- _REQUIREMENT_: Output range, inclusive: from the line containing "A edição deste" to the line containing "我猜,很多人期望故事延伸到找". Restate those lines from the data below word for word and only those.

[DATA FOR THIS EXERCISE Boundary: Start]

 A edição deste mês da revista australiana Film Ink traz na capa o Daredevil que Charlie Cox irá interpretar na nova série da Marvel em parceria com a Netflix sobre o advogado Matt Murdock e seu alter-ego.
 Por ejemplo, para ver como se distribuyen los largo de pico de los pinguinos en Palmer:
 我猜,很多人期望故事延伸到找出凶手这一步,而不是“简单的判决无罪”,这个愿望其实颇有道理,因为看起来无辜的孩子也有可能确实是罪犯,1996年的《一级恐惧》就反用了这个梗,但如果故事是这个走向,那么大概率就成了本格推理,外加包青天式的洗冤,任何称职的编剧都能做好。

[DATA FOR THIS EXERCISE Boundary: End]
[DATA FOR THIS EXERCISE Boundary: Start]

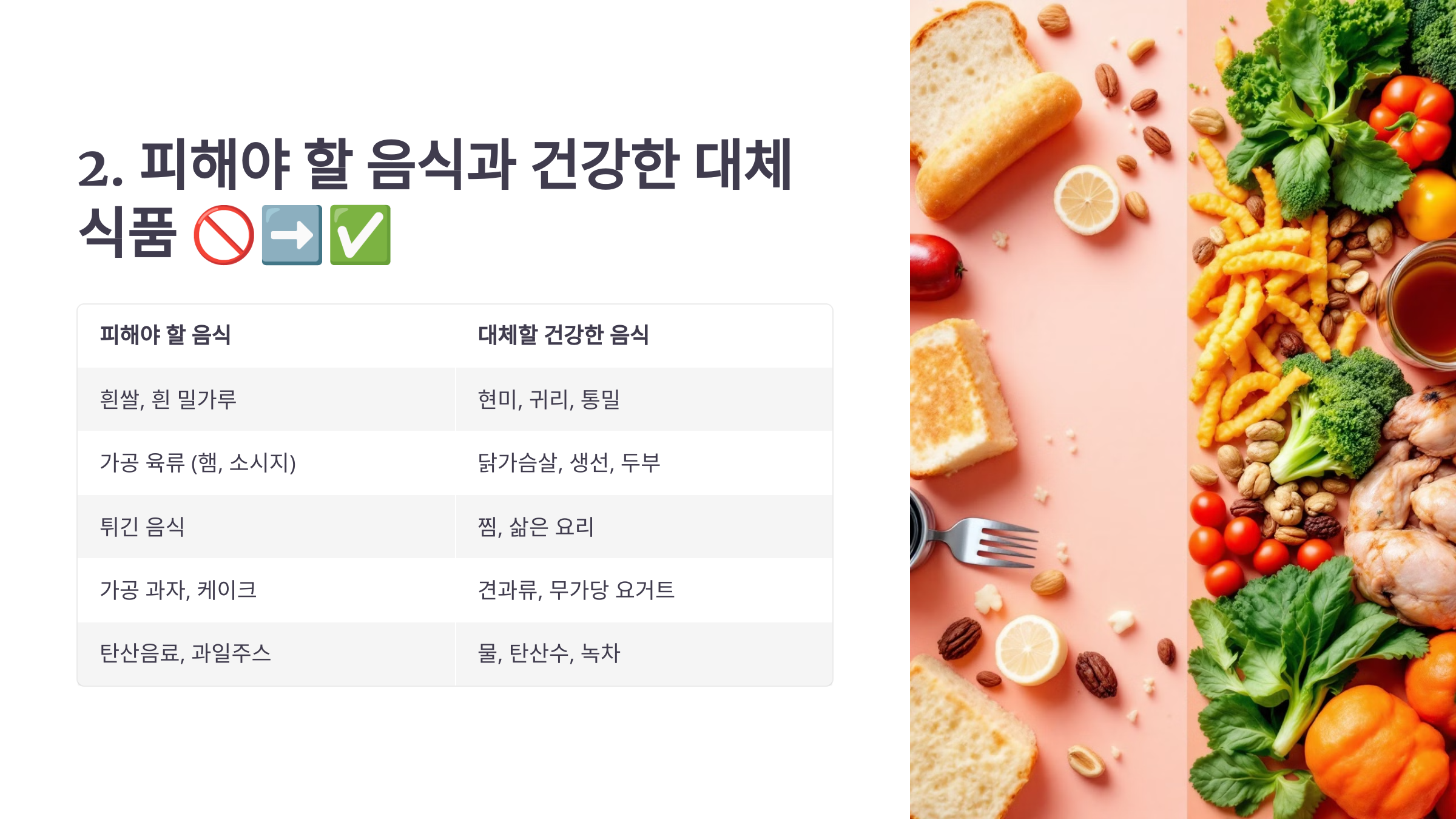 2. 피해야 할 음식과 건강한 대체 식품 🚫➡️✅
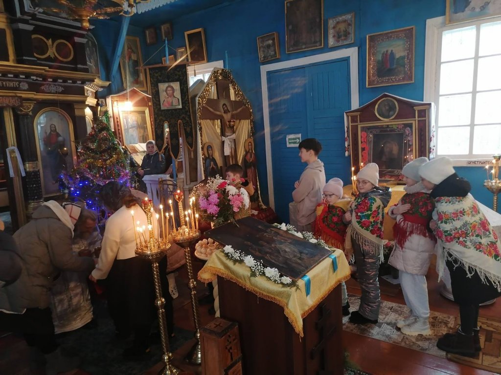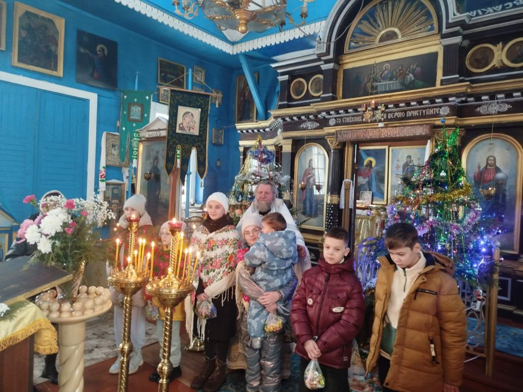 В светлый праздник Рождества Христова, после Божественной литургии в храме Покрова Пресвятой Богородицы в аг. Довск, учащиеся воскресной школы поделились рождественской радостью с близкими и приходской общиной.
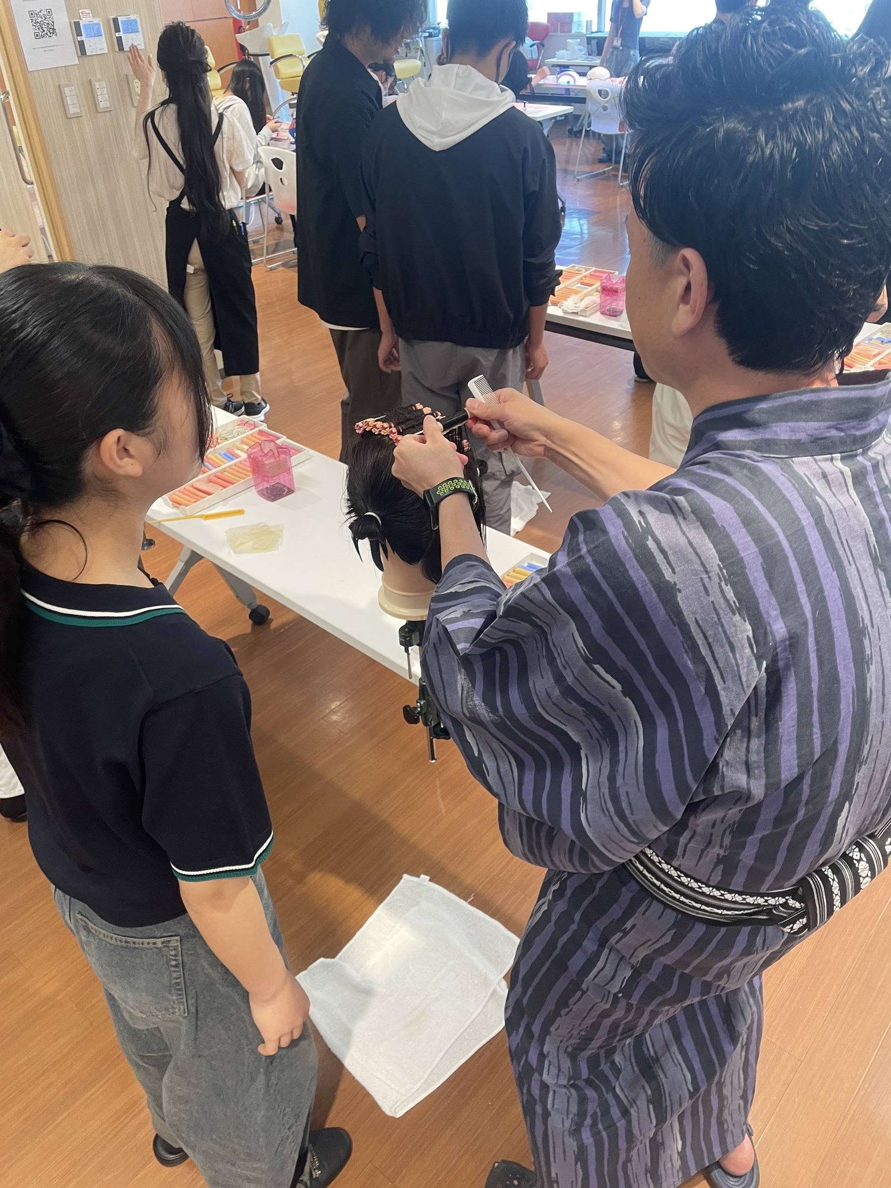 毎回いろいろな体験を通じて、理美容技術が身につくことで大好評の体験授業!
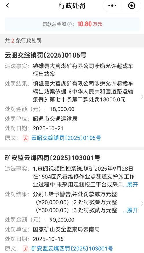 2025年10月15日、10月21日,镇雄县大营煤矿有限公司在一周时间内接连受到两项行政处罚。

[DATA FOR THIS EXERCISE Boundary: End]

- _REPLY_:
 A edição deste mês da revista australiana Film Ink traz na capa o Daredevil que Charlie Cox irá interpretar na nova série da Marvel em parceria com a Netflix sobre o advogado Matt Murdock e seu alter-ego.
 Por ejemplo, para ver como se distribuyen los largo de pico de los pinguinos en Palmer:
 我猜,很多人期望故事延伸到找出凶手这一步,而不是“简单的判决无罪”,这个愿望其实颇有道理,因为看起来无辜的孩子也有可能确实是罪犯,1996年的《一级恐惧》就反用了这个梗,但如果故事是这个走向,那么大概率就成了本格推理,外加包青天式的洗冤,任何称职的编剧都能做好。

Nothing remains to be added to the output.